Dear community,
I am wondering about suprisingly low GPU usage on my Windows machine for DQN training with RlLib. My interest is in both directions: On the one hand, training should be conduced fast, on the other hand, RAM consumption must be closely observed.
I am running a config similar to the one below - just changing to CartPole instead of my custom environment.
Two strange observations:
- While the runtime increases iteration-by-iteration, e.g, iteration #34 required 23 min while iteration #8 required 5 min, the CPU consumption lowers down to 34-40% at average in the later iterations.
- The GPU consumption stays very low (1%) and just shows peaks.
First idea to explain the sporadic peaks is the policy update at the end of a rollout batch.
Is this true?
Code:
config = (
DQNConfig()
.environment(CustomEnv())
.rollouts(num_rollout_workers=3, num_envs_per_worker=1, batch_mode="complete_episodes")
.framework("torch")
.experimental(_enable_new_api_stack=False)
.evaluation(evaluation_num_workers=1, evaluation_interval=1000)
.resources(num_gpus=1, num_cpus_per_worker=3, num_gpus_per_worker=0.2)

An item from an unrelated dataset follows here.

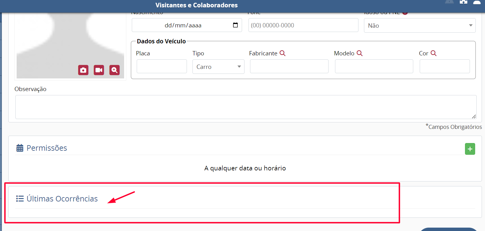 - Desça a barra de rolagem para acessar a opção Últimas Ocorrências e visualizar as últimas atividades do visitante.
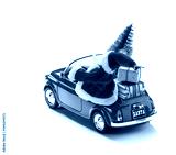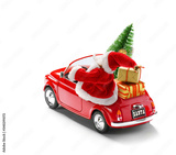 Santa Claus driving red car with gift boxes and Christmas tree isolated on white, view from outside

.debugging(log_level="ERROR")
.reporting(
min_sample_timesteps_per_iteration=500
) # Ensures that in "progress.csv" the timesteps are not listed separately for each iteration.
.training(
hiddens=[],
dueling=False,
train_batch_size=train_batch_size,
training_intensity=False,
)
)
iteration_num = 50
for iteration in tqdm(range(iteration_num)):
result = algo.train()